Compiler performance roadmap for 2022

Update: With 2022 having passed, this roadmap is now a historical document. It was a useful tool and guided a lot of performance work in 2022. Good progress was made on most top-level items, except for "Better UX for perf evaluation" where not much progress was made. Future performance work will be directed elsewhere.

There are many ideas on how to reduce Rust compile times and avoid regressions. It can be hard to know in advance which ones are likely to work. This document outlines a relatively small number of tractable tasks with a high chance of success that we hope to complete in 2022. It is partly informed by the analysis on the lqd's large-scale profiling exercise.

It is best to think of this document as a rough guide, rather than a strict prescription. There are ideas not covered by this roadmap that could help compiler perf, including large projects like the parallel compiler. This document's existence does not preclude people working on those ideas.

As well as a plan, this document will serve as a means of tracking who is doing/has done what work. Task assignations are shown in square bracket, e.g. "[name]". Task completion is indicated like so:

incomplete
complete

Faster single crate compilation

Tasks that will speed up compilation of individual crates.

Faster project compilation

Tasks that will speed up the compilation of multi-crate projects.

Improve cargo scheduling. The choice of which crates to compile first can greatly affect overall time. Use better heuristics to improve scheduling, e.g. based on crates size, or past records of compile times. Support for crate priority (a measure of the transitive number of dependencies) in the wait queue has landed in #11032 (and there are more benchmark results here): when there are multiple crates waiting to be built, e.g. when there are a lot of units of work or a low core-count, the highest priority will be picked next. [lqd. More work can be done here, like described in the description, and an experiment where these priorities are computed differently, where popular proc-macros are preferred, can also be found here. Similarly, we could also choose different defaults targeting compilation speed, like disabling debuginfo for build dependencies in #10493: the topics can be subtle and require interaction with the cargo team, which has little time at the moment. Both directions have potential and measured improvements, but now may not be the best time to pursue them]
Improve syn/proc-macro2/quote. These crates incur a lot of compilation costs, being among the most popular crates and quite slow to compile. Also, they block compilation of proc macro crates that are themselves often slow to compile. This leads to long and slow dependency chains like: proc-macro2, quote, syn, serde_derive, serde,serde_json. (And that omits the build scripts.) Can they be improved somehow?
Investigate build script costs. Build scripts are typically tiny but take a surprisingly long time to compile. What is going on, and can they be improved? Alternatively, can we provide features (e.g. in Cargo) to avoid the need for build scripts that just do simple things like setting conditional compilation flags? [lqd, in-progress. Note: build scripts are a cargo concept, so any changes there may need time from t-cargo and the rustup wg, which is currently limited as mentioned above]

Better benchmarks

rustc-perf is the primary benchmark suite used for gauging Rust compilation speed, in particular for detecting improvements and regressions. It can be improved in several ways.

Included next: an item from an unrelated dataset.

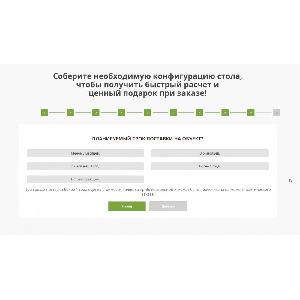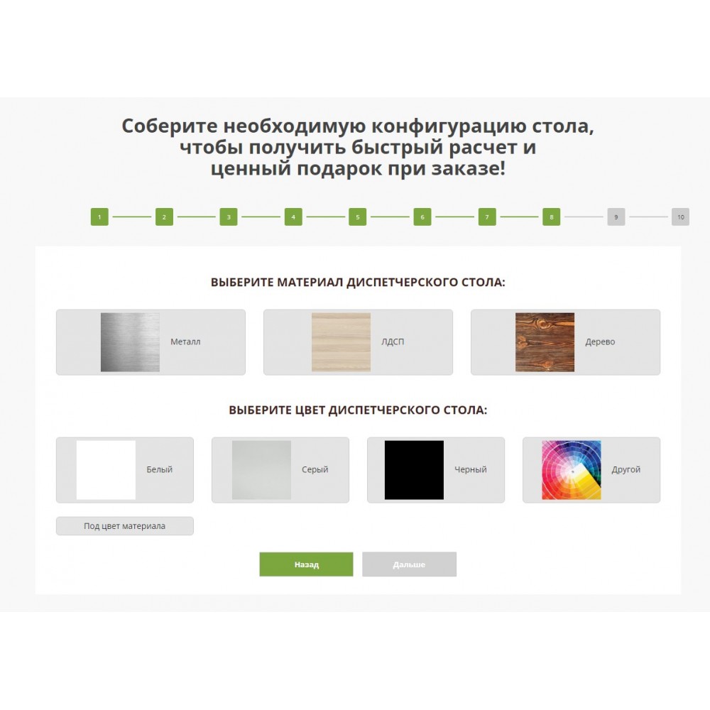 Квиз-опросник, который позволяет клиенту быстро и просто выразить свои пожелания при заказе диспетчерской мебели.

Split into "primary" and "secondary" benchmarks. The suite contains a lot of "real-world" crates, like cargo, diesel, ripgrep, and syn. It also contains a number of "synthetic" stress tests and microbenchmarks, either extracted from real-world code, or simply constructed out of thin air. When looking at the performance effects of a change on perf.rust-lang.org, changes to the speed of real-world tests is more important than changes to the speed of synthetic tests, but the latter often crowd out the former.

It should be simple to split the suite into "primary" and "secondary" benchmarks, and present the primary results on all pages before the secondary results. The division would be roughly "real-world" vs. "synthetic", but the terms "primary" and "secondary" allow for some human judgment. E.g. the helloworld benchmark isn't exactly "real-world" but it's a useful indication of the minimum time taken for any program, and might be considered a "primary" benchmark despite its simplicity.

[Kobzol, #1181]
Update the real-world benchmarks. The versions in the suite are mostly quite old, e.g. 3 or 4 years. For example, the syn crate version in the suite is 0.11.11 from April 2017, but the latest version of that crate at the time of writing is 1.0.86.

We should update the real-world benchmarks to their latest versions to ensure we are benchmarking widely-used code. The previous upgrade of hyper (and its renaming within the suite as hyper-2) provides precedent for this, though perhaps we should switch to using the crate version number, e.g. syn-1.0.86, which would be visually noisier but have a clearer meaning.

[nnethercote, rylev, lqd, Kobzol; tracked here]
Add new benchmarks. lqd's data set identifies the following.
- Widely-used crates that are not in the benchmark suite, such as libc, quote, proc-macro2, cfg-if, and log.
- Hot macro parsing functions (like parse_tt), used in numerous crates, that the existing benchmarks hardly use.
- Crates that stress the compiler in interesting ways, such as nalgebra.
We should consider adding new benchmarks to represent these. We should also consider adding one or more build scripts (as leaf crates, if possible) because these are common but not represented.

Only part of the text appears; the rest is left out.